As it turns out, the future is already here. A little bit of research demonstrated to me that my genre preferences are much broader than I had anticipated. I knew, for example, that I liked to listen to trance, acid jazz, and trip-hop. I knew that I periodically listened to electrojazz, 2Step, big beat, and synthpop. I'm familiar with gabber, though one doesn't really listen to it as much as vibrate along to the beat. But who knew that I also listened to breakbeat, Nortec, glitch, and braindance? Certainly not I, who had never even heard of the last three until recently.

This doesn't even begin to cover the permutations of ambient, the subgenre that first turned me on to techno. At least, I thought it was ambient. Most of the ambient that I preferred somehow became IDM; this is slightly dismaying, since an awful lot of IDM fans are regarded as music snobs (no comments from the cheap seats, if you please). I don't have to worry about being pigeonholed, though--the rest of the ambient I like has been reclassified as ambient dub, chillout, dark ambient, and illbient.

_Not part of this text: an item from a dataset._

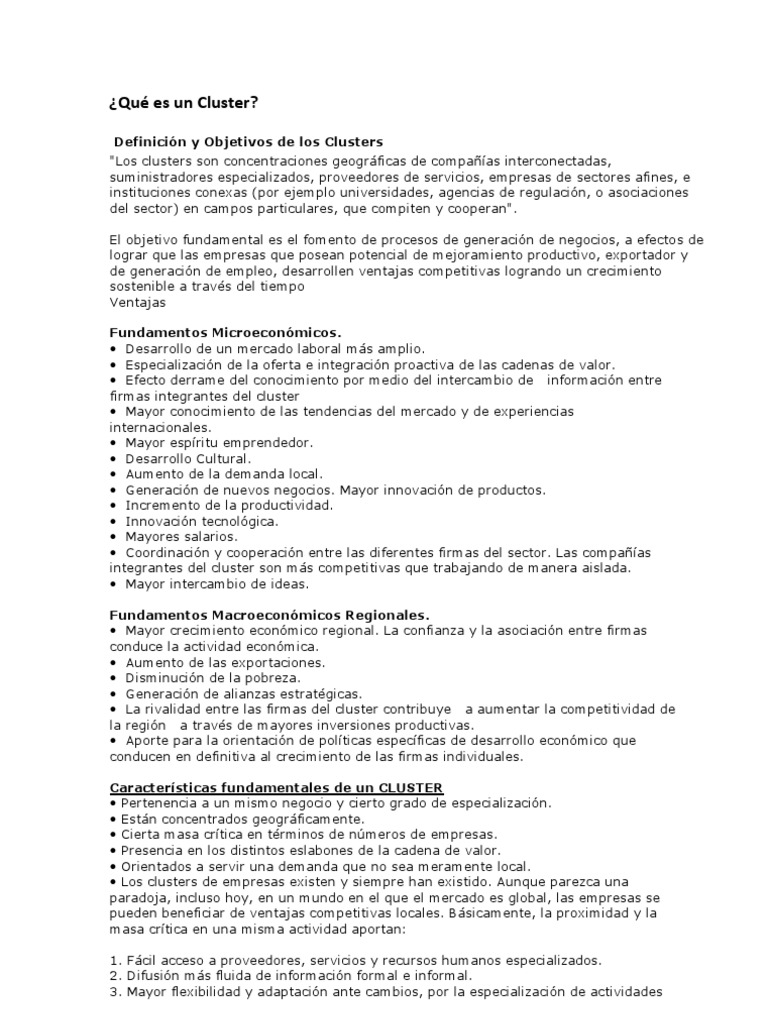 Definicin y Objetivos de los Clusters "Los clusters son concentraciones geogrficas de compaas interconectadas, suministradores especializados, proveedores de servicios, empresas de sectores afines, e instituciones conexas (por ejemplo universidades, agencias de regulacin, o asociaciones del sector) en campos particulares, que compiten y cooperan". El objetivo fundamental es el fomento de procesos de generacin de negocios, a efectos de lograr que las empresas que posean potencial de mejoramiento productivo, exportador y de generacin de empleo, desarrollen ventajas competitivas logrando un crecimiento sostenible a travs del tiempo Ventajas Fundamentos Microeconmicos. Desarrollo de un mercado laboral ms amplio. Especializacin de la oferta e integracin proactiva de las cadenas de valor. Efecto derrame del conocimiento por medio del intercambio de informacin entre firmas integrantes del cluster Mayor conocimiento de las tendencias del mercado y de experiencias internacionales. Mayor espritu emprendedor. Desarrollo Cultural. Aumento de la demanda local. Generacin de nuevos negocios. Mayor innovacin de productos. Incremento de la productividad. Innovacin tecnolgica. Mayores salarios. Coordinacin y cooperacin entre las diferentes firmas del sector. Las compaas integrantes del cluster son ms competitivas que trabajando de manera aislada. Mayor intercambio de ideas. Fundamentos Macroeconmicos Regionales. Mayor crecimiento econmico regional. La confianza y la asociacin entre firmas conduce la actividad econmica. Aumento de las exportaciones. Disminucin de la pobreza. Generacin de alianzas estratgicas. La rivalidad entre las firmas del cluster contribuye a aumentar la competitividad de la regin a travs de mayores inversiones productivas. Aporte para la orientacin de polticas especficas de desarrollo econmico que conducen en definitiva al crecimiento de las firmas individuales. Caractersticas fundamentales de un CLUSTER Pertenencia a un mismo negocio y cierto grado de especializacin. Estn concentrados geogrficamente. Cierta masa crtica en trminos de nmeros de empresas. Presencia en los distintos eslabones de la cadena de valor. Orientados a servir una demanda que no sea meramente local. Los clusters de empresas existen y siempre han existido. Aunque parezca una paradoja, incluso hoy, en un mundo en el que el mercado es global, las empresas se pueden beneficiar de ventajas competitivas locales. Bsicamente, la proximidad y la masa crtica en una misma actividad aportan: 1. Fcil acceso a proveedores, servicios y recursos humanos especializados. 2. Difusin ms fluida de informacin formal e informal. 3. Mayor flexibilidad y adaptacin ante cambios, por la especializacin de actividades

Add house music to the picture: obviously it isn't enough to say that I like house, so I'm obligated to specify that I enjoy hard house, acid house, jazz-house, dream house, microhouse, deep house, French house, hip-house, Chicago house, and prog house. In fact, I seem to have an affinity for prog styles in general--I used to think that I only liked it in passing, but apparently I love the stuff.

Some of the genre taxonomy is expansive instead of limiting. Calling something ambient house, for example, is cheating. The same goes for Detroit, which is really just a catch-all for any American techno that's more than fifteen years old, regardless of whether it came out of Detroit or not.

The reeducation continues: I thought I didn't care for Jungle/DnB, though apparently I'm more fond of it than I realize. Ditto for psytrance, which turns out to be more or less the same as Goa trance, which I could've sworn I didn't like. I'm not bothered by that, though, since trance runs neck-and-neck with ambient in my tastes (anthem trance in particular, as well as vocal trance, acid trance, Nu-NRG, and the ever-present prog trance).

Not everything is redrawn. I'm still secure in a limited tolerance for electroclash and futurepop, which is a relief. Neither of these really counts as techno, which seems to indicate that the musical quicksand is limited to techno proper. This is a further relief, as I don't have to start thinking up new genre names for pop artists.

Writing all of this out has put me in mind of Carolus Linnaeus, the botanist who created modern biological taxonomy (Homo sapiens, and so on). One of the reasons that Linnaeus bothered to pursue the system in the first place was that he wanted to prove that creation was static--he believed in nulla species nova, the idea that no new species could come to enter the world. His inability to reconcile his examination of the fossil record with his own ideas on creation eventually led to serious mental imbalance.

I don't know exactly what it is about human nature that drives us to sort and classify the world into tiny little chunks, but we've become unhealthily obsessed with the idea. Creativity does not emanate in discrete, measurable quanta. The more we try to control the creative impulse, the closer we get to losing perspective on the value of those impulses. It is as if we are in a candlelit room, viewing a portrait. We keep blowing out candles, trying to create the perfect atmosphere for enjoying the art. Eventually, we have so dimmed the room in our pursuit of precision that we are unable to see the portrait at all.

We can always take solace in knowing that the portrait is still there. The key, as with so many things in life, is simply to enjoy it, regardless of the lighting.